The complete mitochondrial genome of Acanthosentis cheni (Acanthocephala: Quadrigyridae)

Rui Song a, Dong Zhang b, Shiming Deng a, Deming Ding a, Fuchu Liao a,, Lusha Liu c
PMCID: PMC7799462  PMID: 33473631

Abstract

Acanthosentis cheni is a marine or brackish acanthocephalan found in fish.

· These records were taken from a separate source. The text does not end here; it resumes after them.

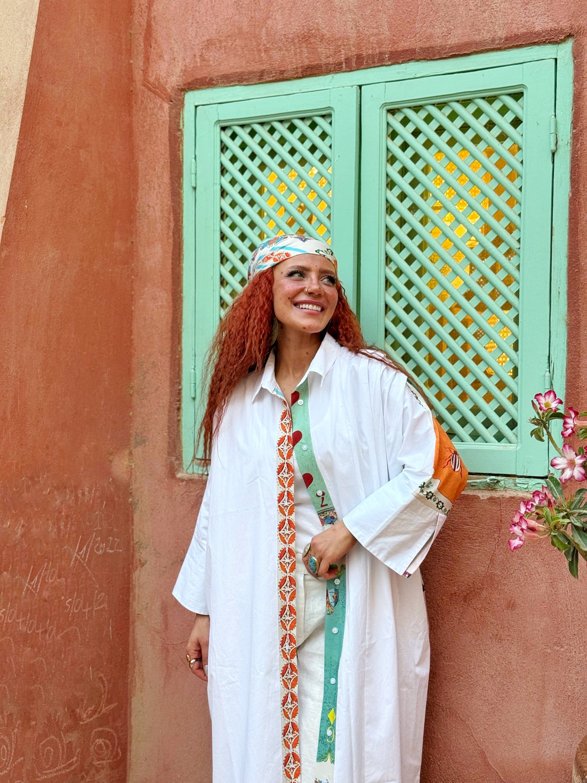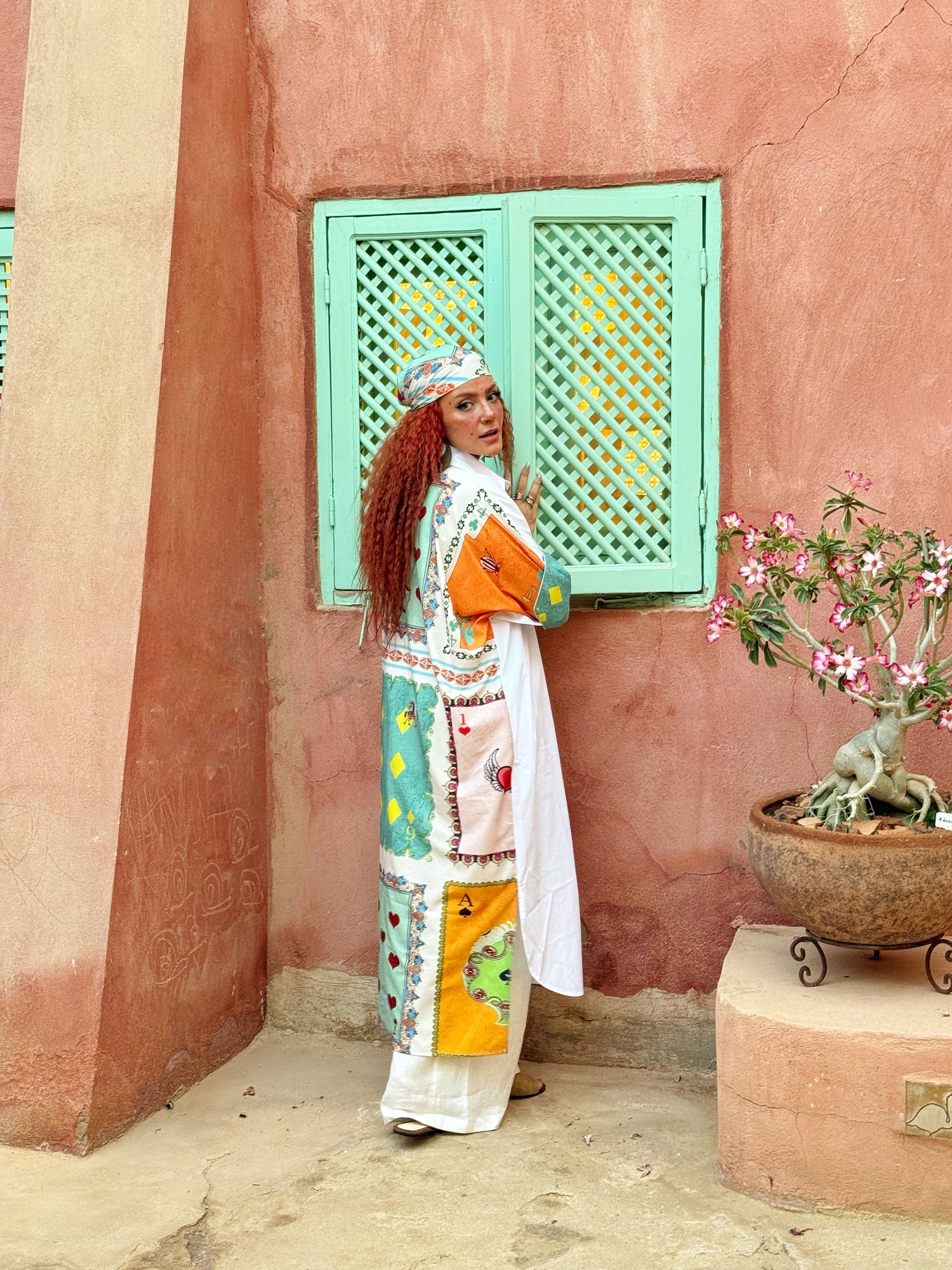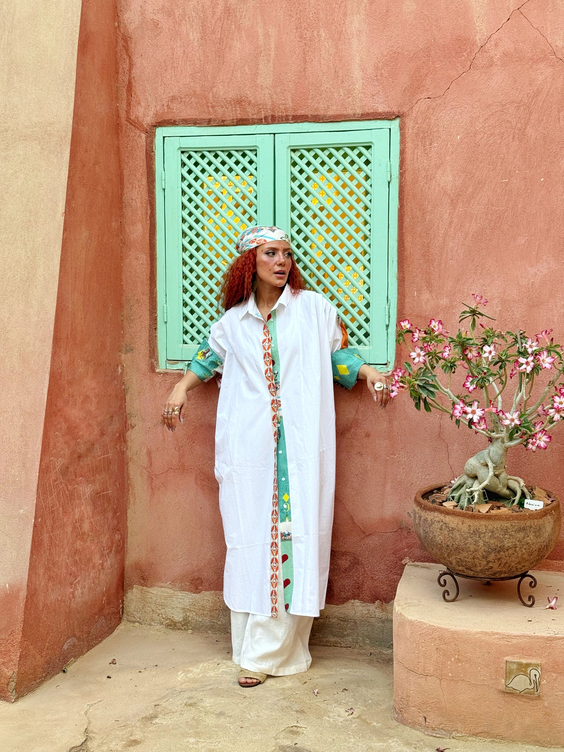 Crafted from soft, breathable poplin cotton, and finished with handpicked trims and vibrant patchwork, it’s a statement piece that feels like summer — joyful, artsy, and effortlessly cool.
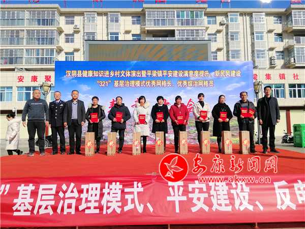 本網訊(通訊員 歐定揚 鄧麗 張成軍)12月2日,漢陰縣舉行衛生健康知識宣講和文藝巡演進鄉村暨平梁鎮321基層治理模式優秀網格長、優秀綜治網格員表彰大會。普及衛生健康知識,全面提升城鄉廣大人民群眾的健康水平
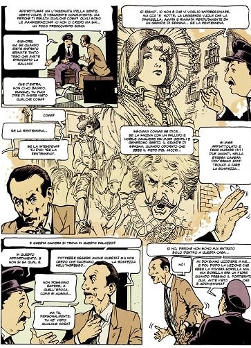 La colorazione di Ivan Cappiello si sovrappone bene a queste chine abbastanza forti, con colori leggeri, nelle varie gradazioni del seppia, del violetto, di un verdolino sfumato. Potremmo dire che la tenuità del colore contribuisce ad evocare la sensazione eterea propria di questa commedia eduardiana, giocata sull’equivoco spiritico – un’altra fonte presente nel testo, dello stesso De Filippo, chiarisce come l’elaborazione dell’opera gli sia stata ispirata dal reale ascolto di presunte sedute spiritiche.
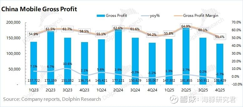 中国移动 2025 年第四季度毛利率 51.4%,同比下滑 3.8 pct。海豚君将 “网络运营及支撑成本” 和 “销售产品成本” 列为营业成本,进而测算公司毛利及毛利率情况。

The complete mitochondrial genome of A. cheni (Acanthocephala: Quadrigyridae) is first sequenced. It is a circular molecule of 13,695 bp in size and consists of 12 protein-coding genes (PCGs), 20 transfer RNA (tRNA) genes, 2 ribosomal RNA (rRNA) genes. Except tRNA-Gln, all other mitochondrial genes were encoded on the heavy strand. The gene order and orientation of A. cheni mitogenome are basically identical to that of other acanthocephala. This study will facilitate the further research of the population genetics of this species and systematic analyses of the acanthocephala.

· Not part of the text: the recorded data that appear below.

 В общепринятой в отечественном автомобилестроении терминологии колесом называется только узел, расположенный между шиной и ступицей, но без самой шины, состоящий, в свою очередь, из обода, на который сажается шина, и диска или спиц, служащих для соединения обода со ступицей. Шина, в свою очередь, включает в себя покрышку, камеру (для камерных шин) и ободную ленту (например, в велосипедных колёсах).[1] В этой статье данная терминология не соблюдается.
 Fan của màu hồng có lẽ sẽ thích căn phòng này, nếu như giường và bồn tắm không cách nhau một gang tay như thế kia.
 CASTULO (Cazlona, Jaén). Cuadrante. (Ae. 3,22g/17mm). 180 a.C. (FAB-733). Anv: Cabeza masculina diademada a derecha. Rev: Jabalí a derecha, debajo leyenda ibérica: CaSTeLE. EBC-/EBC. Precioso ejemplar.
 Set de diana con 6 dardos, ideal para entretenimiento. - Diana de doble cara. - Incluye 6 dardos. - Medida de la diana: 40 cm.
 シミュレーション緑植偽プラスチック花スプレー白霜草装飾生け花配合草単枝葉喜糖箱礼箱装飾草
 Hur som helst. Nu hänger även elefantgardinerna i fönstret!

Keywords: Acanthosentis cheni, mitogenomics, parasite, phylogeny

Acanthosentis cheni is a marine or brackish acanthocephalan found in fish. The complete mitochondrial genome of A. cheni (Acanthocephala: Quadrigyridae) is first sequenced. It is a circular molecule of 13,695 bp in size and consists of 12 protein-coding genes (PCGs), 20 transfer RNA (tRNA) genes, 2 ribosomal RNA (rRNA) genes. Except tRNA-Gln, all other mitochondrial genes were encoded on the heavy strand. The gene order and orientation of A. cheni mitogenome are basically identical to that of other acanthocephala. This study will facilitate the further research of the population genetics of this species and systematic analyses of the acanthocephala.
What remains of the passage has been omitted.